The company will raise their bugs in the lab, separate males and females and then release the males, which don’t bite, into treatment areas. When the bacteria-carrying males mate with wild females, their eggs don’t hatch, because Wolbachia prevents the paternal chromosome from forming properly. Since the species only lives 30 to 40 days in the wild, preventing them from reproducing can effectively wipe out local populations.

MosquitoMate only got permission to release what they’re calling the “Zap males” in 20 states and DC, because those are the places most similar in temperature and precipitation to Kentucky, New York and California where it held its tests. It plans to sell its “good guy bugs” to hotels, establishments and even homeowners through a summer-long subscription. While it’s unfortunate that most of the southeastern states are not included in the list, MosquitoMate is hoping to be able to release a different species all over the US.

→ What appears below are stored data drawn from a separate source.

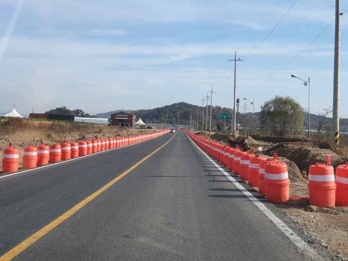 화성시 비봉면 삼화리 1299-1번지부터 매송면 야목리 166-1번지까지 이어지는 3.1km 구간인 ‘시도69호선 도로확포장공사’ 현장을 둘러보면 도로안전용품인 PE 드럼이 촘촘하고 가지런하게 설치돼있다.
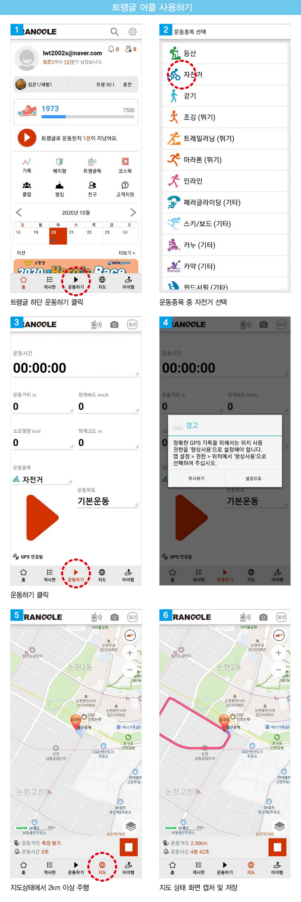 4)GPS어플은 주행 종료시까지 끄지 마시고 주행 종료후 주행 기록(최소 6km주행기록) 저장 또 화면 캡처
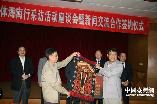 臺灣《民意時報》社長陳忠芳也介紹了臺灣一些媒體的情況,兩岸記者還就媒體交流問題進行了熱烈的探討。今年6、7月份曾被派往臺灣駐點的中新社記者王辛莉發(fā)言說,通過這兩天與臺灣媒體朋友的交流與交談,進一步感覺兩岸記者通過相互接觸才能加深了解,臺灣記者敬業(yè)精神比較強,希望將來能有更多向臺灣的媒體前輩學習的機會,歡迎大家常來走走,海南媒體也希望有機會實現(xiàn)去臺灣的愿望。(李杰)
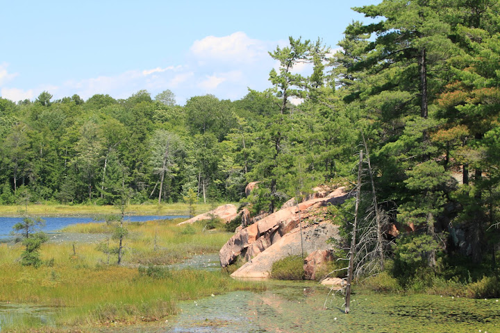 Сначала их было мало, а потом становилось всё больше и больше. Периодичсски появлялись и каменные горки. Через какое-то время мы дошли до озера Cranberry Bog Lake. Озеро слегка заболочено и на нём просто море кувшинок.
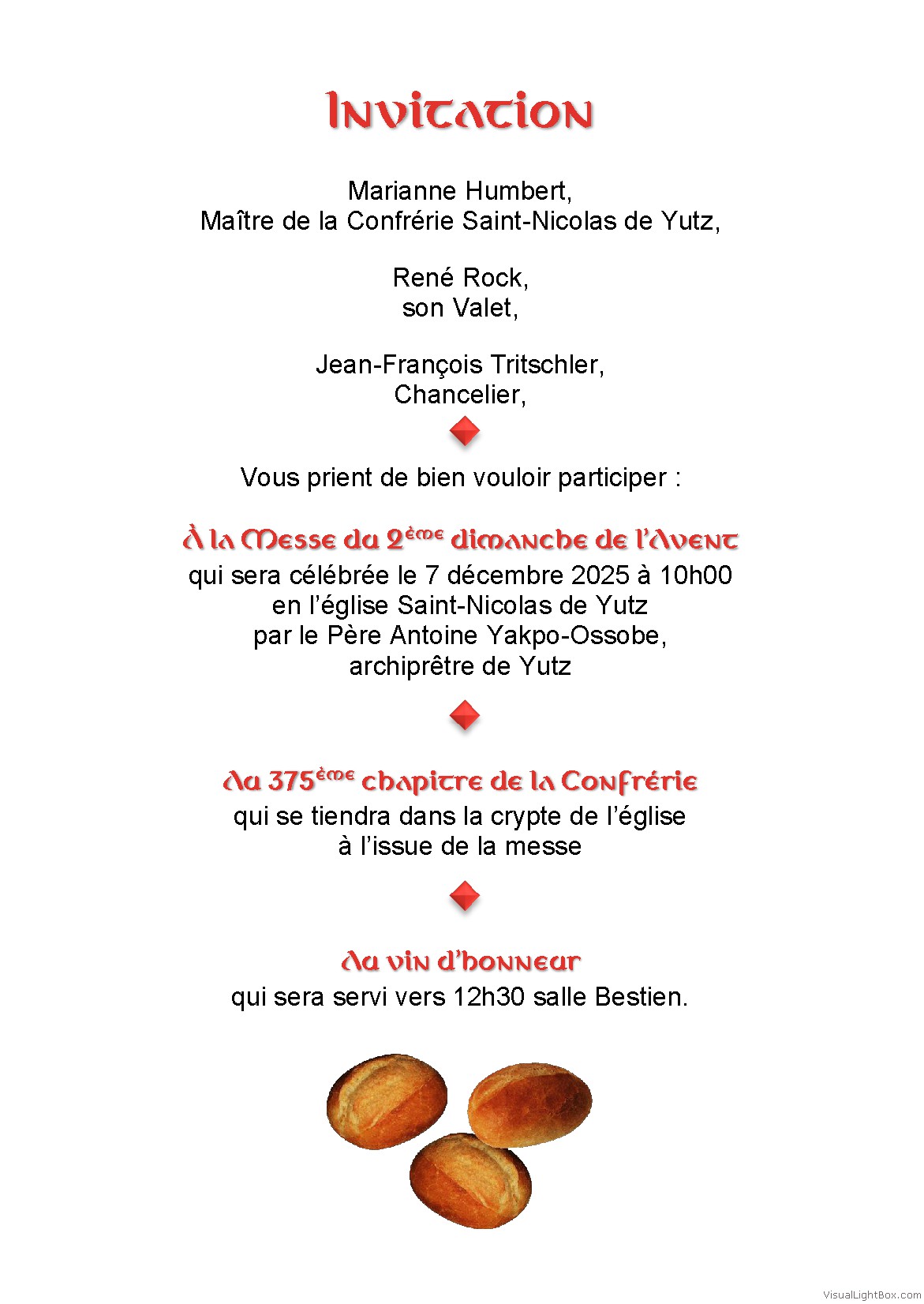 L'invitation reçue par tous les confrères de la Confrérie Saint-Nicolas de Yutz

Earlier this year, the startup unleashed 20,000 Wolbachia-carrying male Aedes aegypti mosquitoes in the Florida Keys as part of a trial. The fact that it was able to conduct tests in the Keys is promising enough, considering a UK firm called Oxitec failed to secure permission to test its genetically modified moquitoes in the area. Nevertheless, the EPA still has to approve MosquitoMate’s application to be able to use the species, a deadly vector of Zika, dengue and yellow fever, as a biopesticide nationwide.